**GIVEN DATA:**
━━━━━━
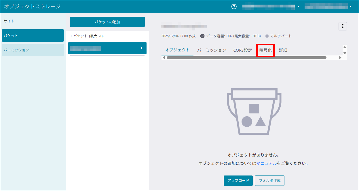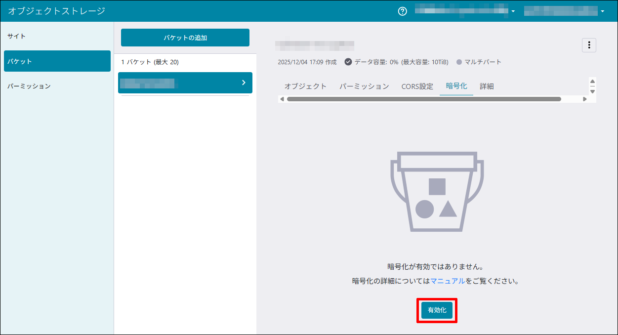 オブジェクトストレージの暗号化設定は コントロールパネル または さくらのオブジェクトストレージAPI で行えます。
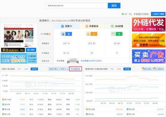 第二步,把记录的网址放到5118、爱站、站长网挖掘出有排名的关键词,然后把这些关键词都导出来,这边5118为例。
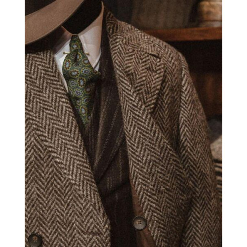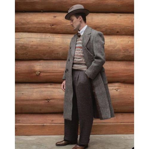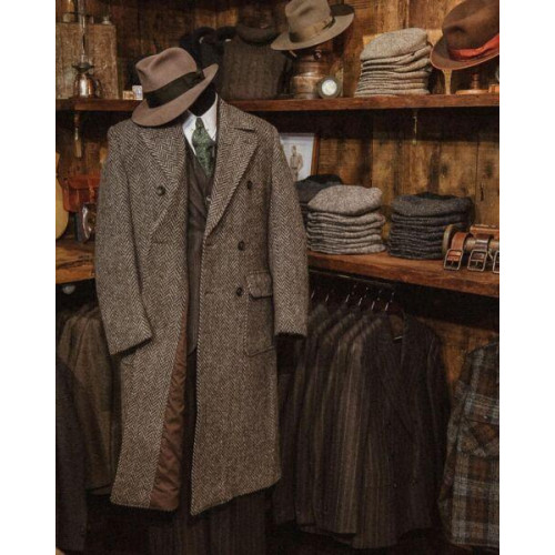 Herringbone Wool Blend Coat Men Long Overcoat Double Breasted Winter Business
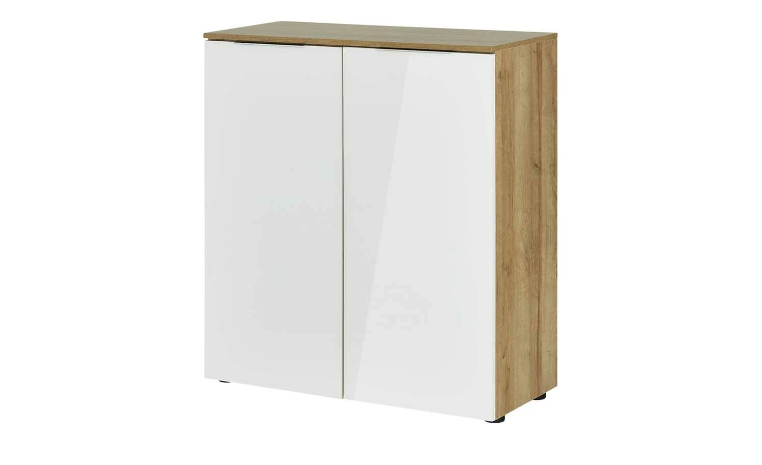 Mit ihrem modernen Look und praktischen Nutzen ist die Kommode Vitreo ein Highlight für jeden Raum. Die geradlinige Linienführung wird mit einem puren und leuchtenden Weiß kombiniert. Die Front hat eine Oberfläche aus ESG-Sicherheitsglas. Es ist besonders hart und widerstandsfähig – und gibt der Front ein glänzendes Finish. Zusätzliche Akzente werden durch die verchromten Griffleisten gesetzt. Der Korpus der Kommode hat eine natürliche Holzoptik. Er ist melaminbeschichtet und somit kratzerunempfindlich und leicht zu pflegen. Vitreo ist mit zwei Türen ausgestattet, hinter denen Ihnen drei Fächer zur Verfügung stehen. Beide Türen haben eine integrierte Soft-Close-Funktion für leises Schließen.
━━━━━━
**ACTIVITY:** Print every line of the material exactly as written, but drop the pictures.

**PROBLEM SOLUTION:**
 オブジェクトストレージの暗号化設定は コントロールパネル または さくらのオブジェクトストレージAPI で行えます。
 第二步,把记录的网址放到5118、爱站、站长网挖掘出有排名的关键词,然后把这些关键词都导出来,这边5118为例。
 Herringbone Wool Blend Coat Men Long Overcoat Double Breasted Winter Business
 Mit ihrem modernen Look und praktischen Nutzen ist die Kommode Vitreo ein Highlight für jeden Raum. Die geradlinige Linienführung wird mit einem puren und leuchtenden Weiß kombiniert. Die Front hat eine Oberfläche aus ESG-Sicherheitsglas. Es ist besonders hart und widerstandsfähig – und gibt der Front ein glänzendes Finish. Zusätzliche Akzente werden durch die verchromten Griffleisten gesetzt. Der Korpus der Kommode hat eine natürliche Holzoptik. Er ist melaminbeschichtet und somit kratzerunempfindlich und leicht zu pflegen. Vitreo ist mit zwei Türen ausgestattet, hinter denen Ihnen drei Fächer zur Verfügung stehen. Beide Türen haben eine integrierte Soft-Close-Funktion für leises Schließen.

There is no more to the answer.